Thorbjornsen first played a par-3 course when he was two years old. He started every hole from the tee, but grew to love the sand traps. Sandra tried to advise him to stay out of the sand and instead play on the green surface, but he wasn’t for it. He went from one sand trap to the next — every other golfer’s worst nightmare. After that, he was ready to putt.
“He said, ‘No, mommy, I want to go in the sand!” Sandra recalled.
About a year later, a local newspaper in Ohio wanted to write a story on Thorbjornsen. The Thorbjornsens were a golf family through and through with Michael’s father, Ted, taking over as his son’s golf coach. With Ted’s guidance, Thorbjornsen developed a powerful swing and ball-striking that stood out even as a youth. It’s his biggest advantage now, too.
Sandra smiled as she recalled the 30-foot putt Thorbjornsen dropped in front of those newspaper reporters.
“I didn’t plan for that,” Sandra said. “I didn’t expect him to make the putt.”
Sandra added: “I just knew there was something extremely special with him. He just had this knack.”
His caddie and longtime friend, Drew Cohen (pictured below), who served as the captain of the Wellesley High golf team during Thorbjornsen’s senior season, apparently did too.
“‘My friend is the best golfer in the world!'” Ross Cohen, Drew’s father, recalled his then-12-year-old son exclaiming. “He’s always been a prodigy.”
The notoriety continued to grow with all of Thorbjornsen’s success — and there’s been a lot of it.

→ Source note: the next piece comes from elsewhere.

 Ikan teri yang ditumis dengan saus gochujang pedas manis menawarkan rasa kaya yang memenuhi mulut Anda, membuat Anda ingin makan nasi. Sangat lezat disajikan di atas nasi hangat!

Thorbjornsen won a National Drive, Chip & Putt title at Augusta National in 2016, won the 2018 U.S. Junior Amateur Championship at Baltusrol Golf Club, became the second-youngest player since World War II to make the cut at the 2019 U.S. Open at Pebble Beach, was the Mass Golf Amateur champion in 2021, finished fourth at the 2022 Travelers Championship (he wasn’t eligible for prize money given amateur status) and on and on and on.

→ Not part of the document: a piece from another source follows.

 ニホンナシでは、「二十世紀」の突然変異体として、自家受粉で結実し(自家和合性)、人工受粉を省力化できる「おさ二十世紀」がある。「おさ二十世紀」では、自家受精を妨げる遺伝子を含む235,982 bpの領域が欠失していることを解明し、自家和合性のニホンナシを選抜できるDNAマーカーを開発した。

Most recently, the Stanford University product finished No. 1 in the 2024 PGA Tour University Ranking and thus earned his PGA Tour card through the 2025 season.
It culminated as Thorbjornsen made his professional debut at the 2024 Travelers Championship over the weekend. He was granted a sponsor exemption into the PGA Tour’s Signature Event, which was held at the course he referred to as his “home” on the Tour. It represents New England’s lone stop.

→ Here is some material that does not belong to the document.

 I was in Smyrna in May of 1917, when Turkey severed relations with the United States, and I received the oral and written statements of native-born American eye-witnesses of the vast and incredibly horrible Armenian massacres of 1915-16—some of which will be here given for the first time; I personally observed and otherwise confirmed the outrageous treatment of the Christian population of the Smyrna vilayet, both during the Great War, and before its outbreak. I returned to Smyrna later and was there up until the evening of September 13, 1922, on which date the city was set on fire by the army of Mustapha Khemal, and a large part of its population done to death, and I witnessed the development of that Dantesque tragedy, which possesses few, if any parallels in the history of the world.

Thorbjornsen shot 8-under par 272 and finished tied for 38th in the 71-player field.
Thorbjornsen said he didn’t feel any different entering the tournament. He didn’t feel different after the first round, either.
Ted understandably disagreed.
“Pulling in today, I was less nervous, but it was a different feeling,” Ted told NESN.com on the 18th green after his son concluded his first round 2-over par 72. It was the only day Thorbjornsen finished over par (72-64-66-70 — 272).
Sandra, though, felt the same as her son. But she still felt relieved.
Her son, while benefiting from obvious physical gifts, worked tirelessly for the moment. He overcame a stress fracture in his back that Sandra admitted was both heartbreaking and concerning. That injury created uncertainty regarding his future, especially, as Sandra noted, since Thorbjornsen’s powerful swing serves as his biggest advantage.
Rian Chab, a golf performance coach and recovery specialist at Urban Golf Performance, has worked with Thorbjornsen since his injury. Chab said he believes Thorbjornsen is in better shape now than he was before the injury.
“This was his dream, and to see it realized is unbelievable,” Sandra said. “There’s a sense of relief because it’s been a lot of grind for him.”
The grind certainly isn’t over. As it currently stands, Thorbjornsen holds a PGA Tour card through the 2025 season. Nothing is promised after that.
But Thorbjornsen has always been destined for professional golf. His family and friends have no doubt he’ll now live it.